▸ TASK STATEMENT
Without the pictures, write out all the lines below exactly as they appear.

(DATA SHOWN)

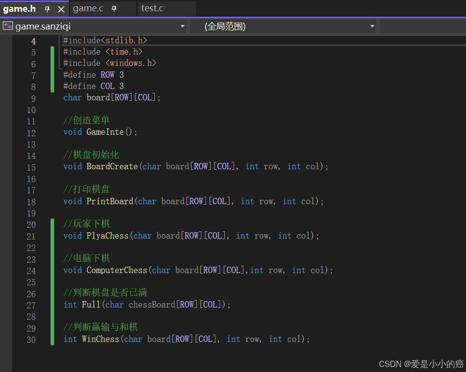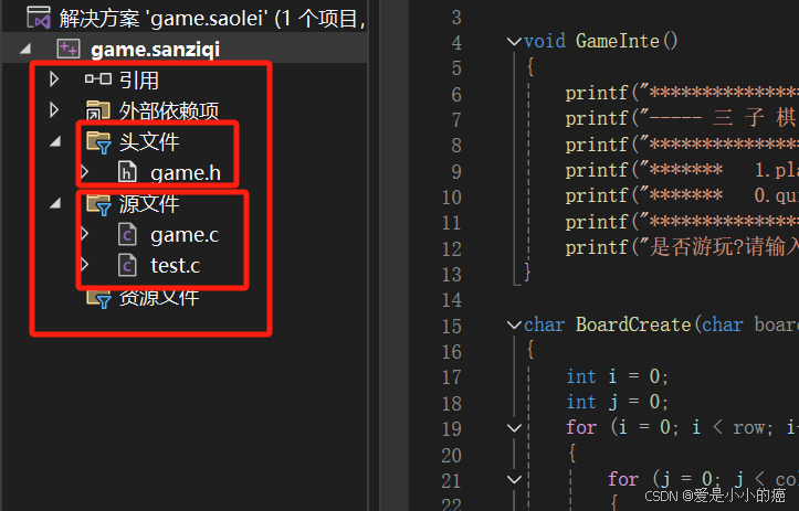 与之前的扫雷游戏一样,还是需要分成头文件game.h,源文件game.c,源文件test.c三个文件。
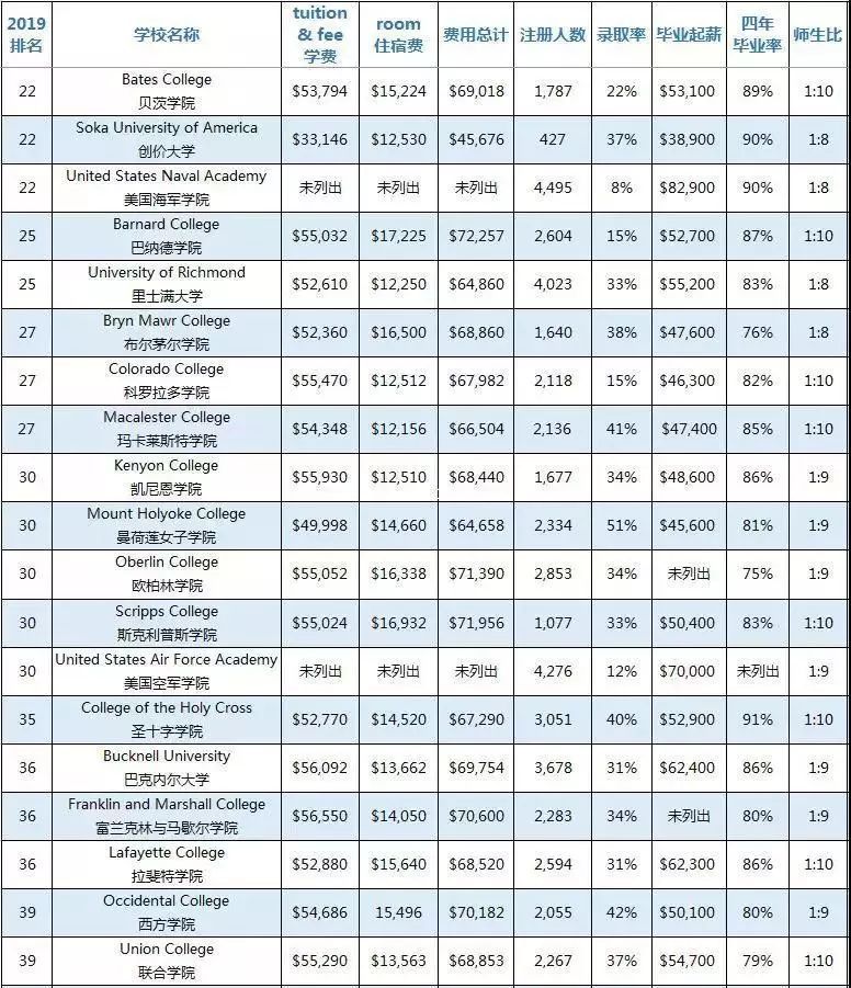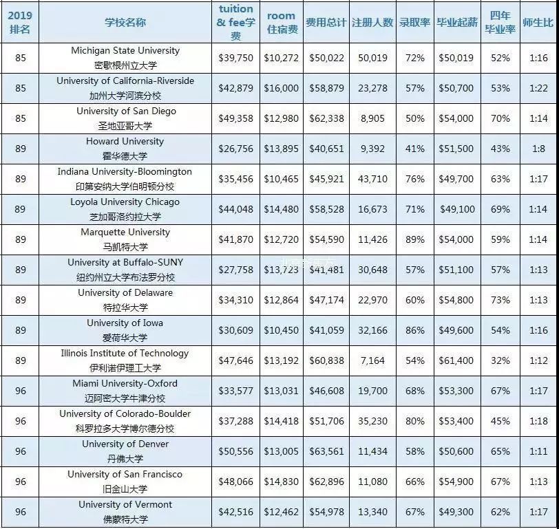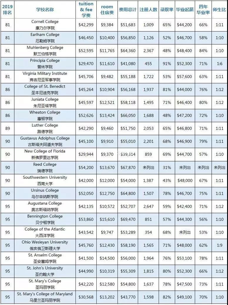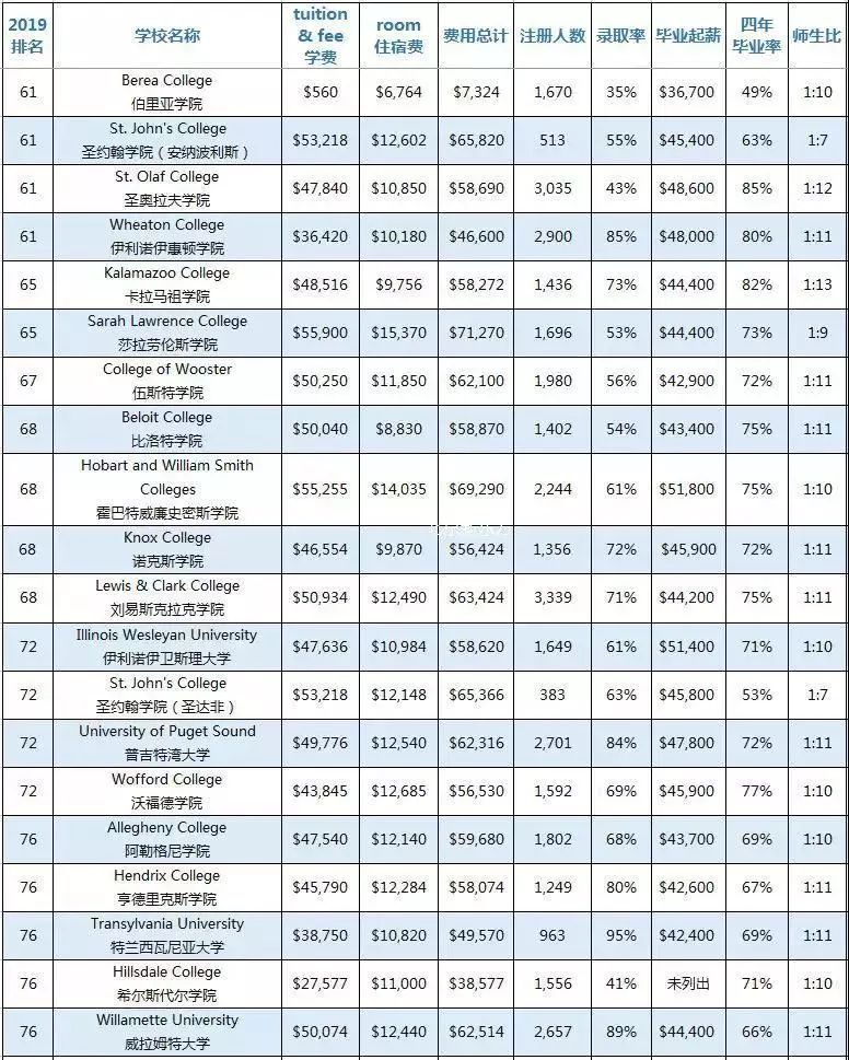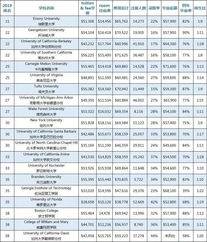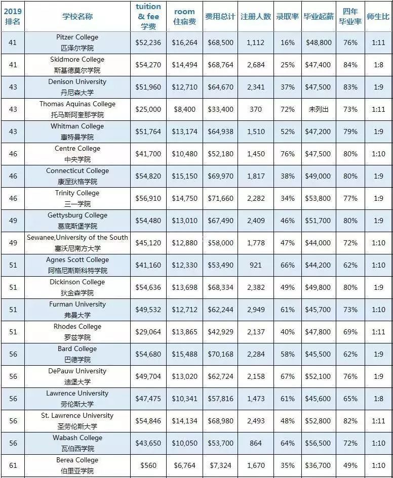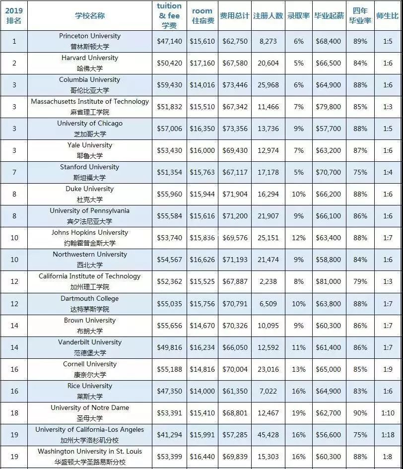 此次榜单分为“综合性大学”和“文理学院”,全部数据均来源于“U.S.News & World Report”并囊括了学费、住宿费、费用总计、本科注册人数、录取率、毕业生中位数起薪、四年毕业率、师生比8大类,供大家参考。
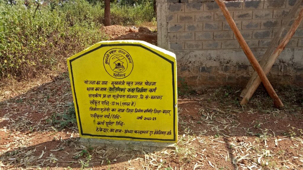 ग्राम पंचायत राजनगर -2 में मुख्यमंत्री स्कूल जतन योजना के तहत शाला भवन के अतिरिक्त कक्ष के निर्माण में जमकर अनियमितता बरती गई है। खंड शिक्षा अधिकारी कार्यालय द्वारा ठेकेदार के जरिए कराए गए अतिरिक्त कक्ष के निर्माण में भी गड़बड़ी उजागर हुई है। निर्माण कार्यों में अनियमितता की शिकायत ग्रामीण कई बार कर चुके हैं। कार्रवाई तो दूर की बात, आज तक जांच भी नहीं कराई जा सकी है। अतिरिक्त कक्ष के निर्माण में गुणवत्ता का जरा भी ध्यान नहीं रखा गया है। घटिया छड़, रॉड, सीमेंट, बजरी, गिट्टी, ईंट, रेत का इस्तेमाल किया गया है। गारे में सीमेंट कम, रेत की मात्रा ज्यादा रखी गई। दीवारों की मोटाई भी कम रखी गई है। कमरों में क्यूरिंग तक नहीं कराई गई। निर्माण स्थलों पर निर्माण से संबंधित बोर्ड नहीं लगाए गए। ताकि अनियमितता उजागर न होने पाए। अतिरिक्त कक्ष को पूरी तरह बनाए बगैर आनन फानन में फ्लोर की छबाई, दीवारों की पोताई का कार्य करा दिया गया। अतिरिक्त कक्ष की गुणवत्ता का जरा भी ध्यान नहीं रखा गया। आज तक काम पूरा नहीं किया जा सका है। जबकि स्वीकृत पूरी रकम निकली जा चुकी है। मुख्यमंत्री भूपेश बघेल द्वारा शुरू की गई इस महत्वाकांक्षी योजना से खिलवाड़ करने में पंचायत के प्रतिनिधि, अधिकारी कर्मचारी कोई कसर बाकी नहीं रख रहे हैं। इसके कारण ग्रामीणों में सरकार के प्रति गलत संदेश जा रहा है। बकावंड ब्लॉक की ग्राम पंचायत राजनगर- 2 की शासकीय प्राथमिक शाला में भी ऐसा ही खेल चला है। यहां प्राथमिक शाला के अतिरिक्त कक्ष निर्माण के लिए वित्त वर्ष 2022- 23 में 13 लाख 94 हजार रु. की स्वीकृति प्राप्त हुई थी। निर्माण की जिम्मेदारी जिला निर्माण समिति बस्तर को दी गई थी। समिति ने निर्माण का काम ठेकेदार ओंकार गागड़ा के हवाले कर दिया।

(End DATA SHOWN)

▸ FINISHED TASK
 与之前的扫雷游戏一样,还是需要分成头文件game.h,源文件game.c,源文件test.c三个文件。
 此次榜单分为“综合性大学”和“文理学院”,全部数据均来源于“U.S.News & World Report”并囊括了学费、住宿费、费用总计、本科注册人数、录取率、毕业生中位数起薪、四年毕业率、师生比8大类,供大家参考。
 ग्राम पंचायत राजनगर -2 में मुख्यमंत्री स्कूल जतन योजना के तहत शाला भवन के अतिरिक्त कक्ष के निर्माण में जमकर अनियमितता बरती गई है। खंड शिक्षा अधिकारी कार्यालय द्वारा ठेकेदार के जरिए कराए गए अतिरिक्त कक्ष के निर्माण में भी गड़बड़ी उजागर हुई है। निर्माण कार्यों में अनियमितता की शिकायत ग्रामीण कई बार कर चुके हैं। कार्रवाई तो दूर की बात, आज तक जांच भी नहीं कराई जा सकी है। अतिरिक्त कक्ष के निर्माण में गुणवत्ता का जरा भी ध्यान नहीं रखा गया है। घटिया छड़, रॉड, सीमेंट, बजरी, गिट्टी, ईंट, रेत का इस्तेमाल किया गया है। गारे में सीमेंट कम, रेत की मात्रा ज्यादा रखी गई। दीवारों की मोटाई भी कम रखी गई है। कमरों में क्यूरिंग तक नहीं कराई गई। निर्माण स्थलों पर निर्माण से संबंधित बोर्ड नहीं लगाए गए। ताकि अनियमितता उजागर न होने पाए। अतिरिक्त कक्ष को पूरी तरह बनाए बगैर आनन फानन में फ्लोर की छबाई, दीवारों की पोताई का कार्य करा दिया गया। अतिरिक्त कक्ष की गुणवत्ता का जरा भी ध्यान नहीं रखा गया। आज तक काम पूरा नहीं किया जा सका है। जबकि स्वीकृत पूरी रकम निकली जा चुकी है। मुख्यमंत्री भूपेश बघेल द्वारा शुरू की गई इस महत्वाकांक्षी योजना से खिलवाड़ करने में पंचायत के प्रतिनिधि, अधिकारी कर्मचारी कोई कसर बाकी नहीं रख रहे हैं। इसके कारण ग्रामीणों में सरकार के प्रति गलत संदेश जा रहा है। बकावंड ब्लॉक की ग्राम पंचायत राजनगर- 2 की शासकीय प्राथमिक शाला में भी ऐसा ही खेल चला है। यहां प्राथमिक शाला के अतिरिक्त कक्ष निर्माण के लिए वित्त वर्ष 2022- 23 में 13 लाख 94 हजार रु. की स्वीकृति प्राप्त हुई थी। निर्माण की जिम्मेदारी जिला निर्माण समिति बस्तर को दी गई थी। समिति ने निर्माण का काम ठेकेदार ओंकार गागड़ा के हवाले कर दिया।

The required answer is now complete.